(DATASET EXTRACT Opens)

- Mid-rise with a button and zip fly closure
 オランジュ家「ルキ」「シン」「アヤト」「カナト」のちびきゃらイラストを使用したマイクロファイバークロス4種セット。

(DATASET EXTRACT Closes)
(DATASET EXTRACT Opens)

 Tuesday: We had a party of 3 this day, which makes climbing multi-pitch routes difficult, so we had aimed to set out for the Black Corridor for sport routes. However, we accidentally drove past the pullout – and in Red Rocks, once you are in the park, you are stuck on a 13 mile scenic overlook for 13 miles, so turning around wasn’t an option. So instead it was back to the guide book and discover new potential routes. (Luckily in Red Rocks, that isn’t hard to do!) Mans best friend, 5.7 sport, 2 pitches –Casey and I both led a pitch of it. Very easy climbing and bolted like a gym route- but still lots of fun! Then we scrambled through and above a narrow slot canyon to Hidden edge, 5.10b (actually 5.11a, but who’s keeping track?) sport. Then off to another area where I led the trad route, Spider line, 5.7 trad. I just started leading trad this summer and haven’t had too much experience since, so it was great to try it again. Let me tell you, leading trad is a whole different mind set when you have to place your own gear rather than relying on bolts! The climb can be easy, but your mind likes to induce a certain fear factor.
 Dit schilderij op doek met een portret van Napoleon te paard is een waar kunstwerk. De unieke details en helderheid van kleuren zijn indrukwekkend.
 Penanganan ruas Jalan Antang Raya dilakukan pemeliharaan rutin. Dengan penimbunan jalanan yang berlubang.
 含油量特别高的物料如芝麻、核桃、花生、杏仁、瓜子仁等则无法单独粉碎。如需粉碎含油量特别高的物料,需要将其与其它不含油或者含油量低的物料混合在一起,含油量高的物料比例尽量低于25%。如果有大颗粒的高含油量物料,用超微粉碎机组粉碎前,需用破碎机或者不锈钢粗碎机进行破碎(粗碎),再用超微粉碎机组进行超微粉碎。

(DATASET EXTRACT Closes)

◆ EXERCISE BRIEF: Give again, word for word, every line of the listing above from the one with "- Mid-rise with a button and zip fly closure" to the one with "オランジュ家「ルキ」「シン」", both inclusive, and nothing beyond them.

◆ ANSWER SPACE:
- Mid-rise with a button and zip fly closure
 オランジュ家「ルキ」「シン」「アヤト」「カナト」のちびきゃらイラストを使用したマイクロファイバークロス4種セット。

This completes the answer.